Warwick’s Winter Wonderland

On and off for the last week Warwick has been dusted in the season’s finest gift; snow. Snow is a phenomenon that we all take for granted, it is woven into our culture as a standard part of winter, but most people know very little about how and why it snows.

#### Where does snow come from?

Snow, unsurprisingly, forms in clouds. Within a snow cloud, there are suspended droplets of super cooled water (water which is still liquid below its freezing point), these droplets move around randomly until by chance they arrange themselves into the structure of an ice crystal. Once they are correctly aligned, bonds can form between the atoms and the molecules combine to become an ice crystal. The growing ice crystal forms in a hexagonal shape, the standard crystal structure (lattice) of ice, this form is called Iceh. Ice’s hexagonal lattice is made by the hydrogen atoms forming hydrogen bonds with the oxygen atoms of other water molecules. These bonds form as the Hydrogen atoms have a slight positive charge while the Oxygen atoms have a slight negative charge, Hydrogen bonds are relatively weak, and thus they can provide structure to the crystal but not much strength. This crystal structure is loosely packed and, as a result, ice is less dense than water, which is why ice-cubes float in our drinks and icebergs float in the sea.

#### Forming the Crystals

Although ice crystals can from on their own (homogeneously), it is far more common for the crystal to form on another substance such a piece of dust. The process of forming a crystal is called nucleation. Once the seed (initial) crystal forms, more water molecules join onto the outer surface of the lattice and the crystal grows into a snowflake. This is possible because the air around the snowflake is supersaturated, it has more water in it than it can hold, and thus the water comes out of the air and onto the snowflake. Although scientists know that this happens, the mechanism by which the dust causes nucleation is still unclear.

#### Taking Shape

The dust which seeds most snowflakes and the atmospheric conditions produces the wonderful variety of snowflakes observed in nature. The hexagonal structure of normal ice crystals means that as a snowflake grows, it also forms a hexagonal shape. Snowflakes can be divided into six main shape types; plate, star, column, needle, dendrite (lacy) and capped column, these can be seen in the chart along with some of the more common variants. However, the vast majority of snowflakes are asymmetrical, due to damage or stunted growth, and usually form only part of the full shape. At very low temperatures snowflakes are relatively simple in design; normally rod or needle shaped, and produce a fine and powdery snow. At temperatures much closer to freezing point (0°C), snowflakes are much larger and complex, forming shapes such as the star type. In rare circumstances at -2°C triangular snowflakes can form, this is due to an unusual ice crystal forming known as IceC. This type of ice is meta-stable, it can only exist in specific conditions.

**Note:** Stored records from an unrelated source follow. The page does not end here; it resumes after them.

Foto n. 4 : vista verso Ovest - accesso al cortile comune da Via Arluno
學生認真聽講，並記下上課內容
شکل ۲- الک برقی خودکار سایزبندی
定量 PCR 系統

Snowflakes formed in the same conditions are virtually identical, and despite the popular urban myth that each snowflake is unique, in 1998 identical snowflakes were found in Wisconsin. If the conditions remain right, the snowflake can continue to grow indefinitely, indeed the largest snowflake recorded was in Montana in 1887 and was 38 cm across and 20 cm wide.

#### On the Ground

Most snowflakes that reach the ground are aggregates, many individual crystals have collided as the snow falls and clumped together to form a larger snowflake. The precise mechanism of aggregation is still unknown. Aggregation results in the fluffy snowflakes we experienced last week.

The different types of snowflake result in different types of snow cover on the ground. For making snowmen and snowballs 0°C is the perfect temperature, this is due to both the large and complex shape snowflakes have at these temperatures and the fact that when compressed moisture bonds the structure together allowing the snowball to hold its shape. At lower temperatures the small and simple structure coupled with the lack of moisture results in the powder snow, which is so popular with the skiers and snowboarders among us at Warwick.

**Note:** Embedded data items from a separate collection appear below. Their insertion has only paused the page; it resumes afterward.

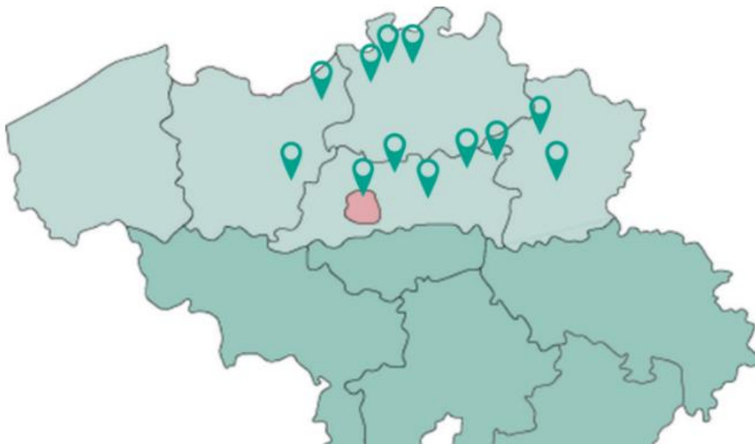
Kaart: Domo in Vlaanderen

De Domobeweging in Vlaanderen bestaat verder uit 3 actieve vzw's: Domo Antwerpen, Domo Hasselt en Domo Waasland. Daarnaast is er een autonome werking, Domo Voorkepen (samenwerkingsverband tussen de gemeenten Brecht, Schilde, Wijnegem, Zandhoven, Zoersel).
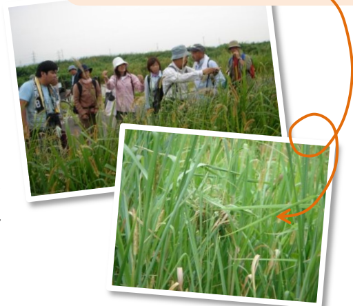
カヤネズミ調査の様子とカヤネズミの巣

ウェブサイトをご覧いただけない方は、郵送でお送りしますのでご希望の方は宛先を明記の上、A4サイズの書類が入る返信用封筒に200円分の切手を貼って下記まで請求してください。
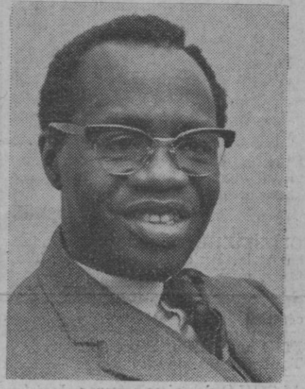
Beji Busia, nuevo primer ministro de Ghana, quien pretende volver al país al régimen democrático

A 7.499.989 dólares asciende el volumen total de las exportaciones efectuadas por la industria textil lanera española en los seis primeros meses del año en curso, lo que representa un aumento del 27,4 por ciento sobre dichas ventas al exterior, en igual periodo del año 1968, informa el Banco Exterior.
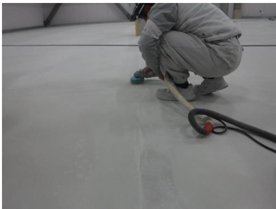
⑪打ち継ぎ部分補修
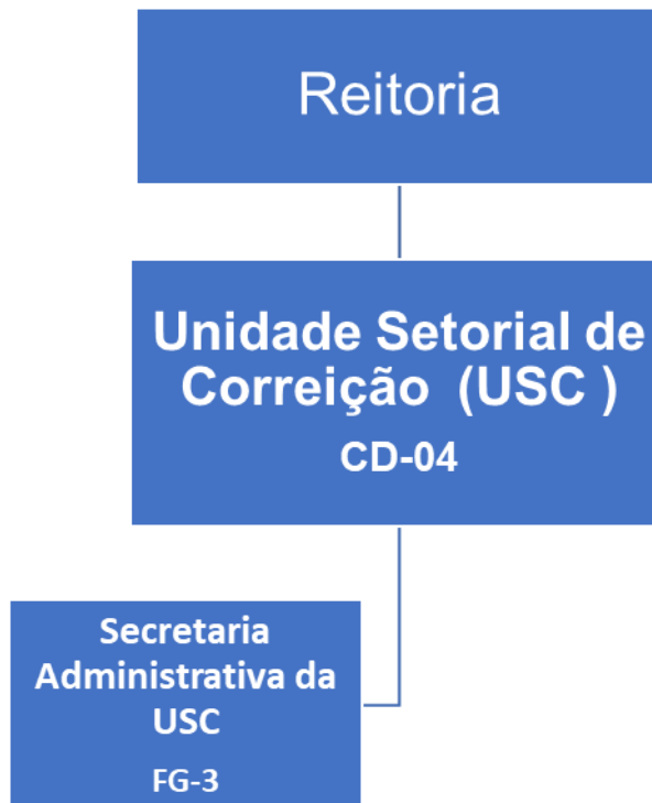
Figura 1. Organograma da Unidade Setorial de Correição-USC/UFDPAr.
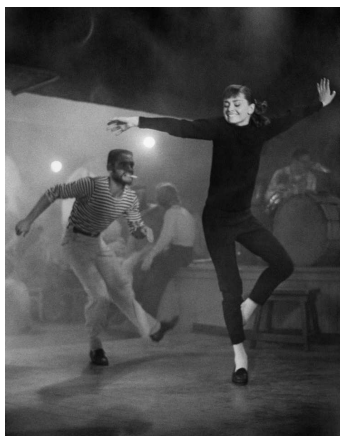
Audrey Hepburn, actrice, sur la plateau de Funny Face , Paris, 1956
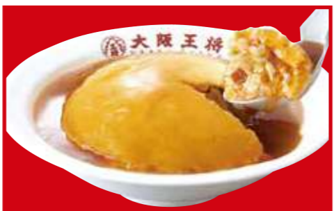
ふわとろ天津炒飯 800円(税込)
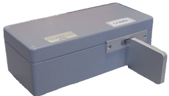
Pédale COMBI multifonctions COMBI Regelpedal COMBI footswitch
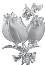
Blue Bee (青蜂)：150,000 円 (アクアマリン) (女神のスターダイヤモンド)
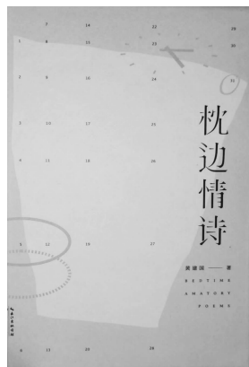
2020年6月 长江文艺出版社 黄建国 《枕边情诗》

灵感有钥匙，但不在上帝的手里。诗人智慧，是寻找和使用钥匙的人。只是生活过于喧嚣，心性若被杂念填满得枝枝叉叉，与灵感情投意合的灵性易于丢失，静空无尘的禅悟空间就真的空空如也。
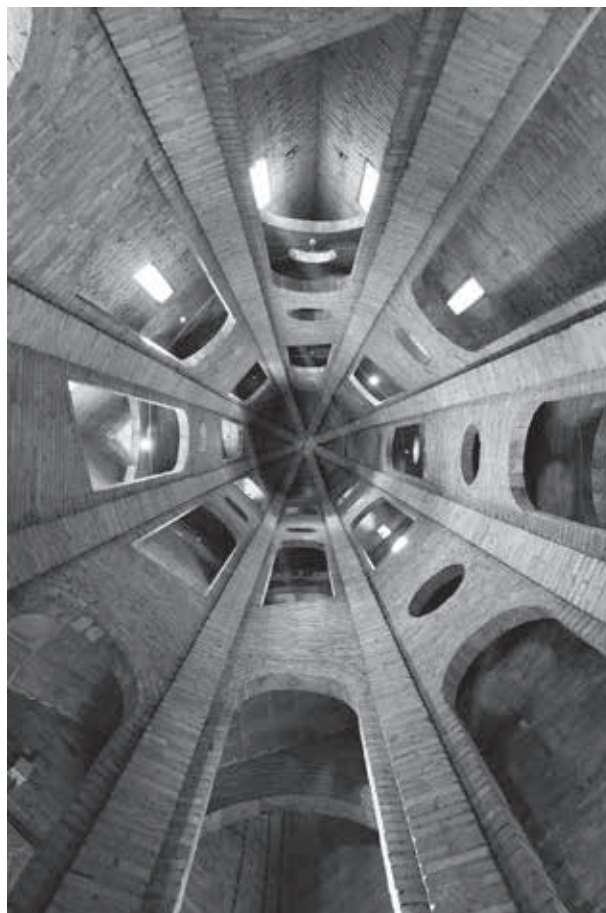
Interior del campanar de l'església de Mollerussa (fotografia finalista de la Marató fotogràfica del Pla d'Urgell. Autor: Antoni Tehàs).

Ens hem de situar ja al 22 d'abril de 1940 per saber de la visita a Mollerussa, al rector i al Sr. Argota, per tal de fer entrega del projecte de la nova església. Al dietari apareix la nota: "Vist el Sant Isidori, d'alabastre, per reconstruir". El mateix dia visita també l'església del Palau d'Anglesola, on autoritza la reconstrucció de la volta i demés obres urgents.

For snow to stay on the ground for prolonged periods of time the ground temperature must be low enough to stop the snow from melting, the ground heats and cools very slowly, so snow usually requires several sub-zero days before it will settle. Once it has settled the air temperature must also remain low. Usually in the UK the temperature is just above 0°C in the day and below at night, this causes the snow to melt slightly during the day and then refreeze at night leaving an icy layer onto of the snow. This icy layer is very slippery, it is believed to be because the water molecules in contact with the air do not bond properly with the rest of the ice lattice, thus they are able to move more freely over the surface of the ice. This low friction layer is what makes it so easy to slip on ice.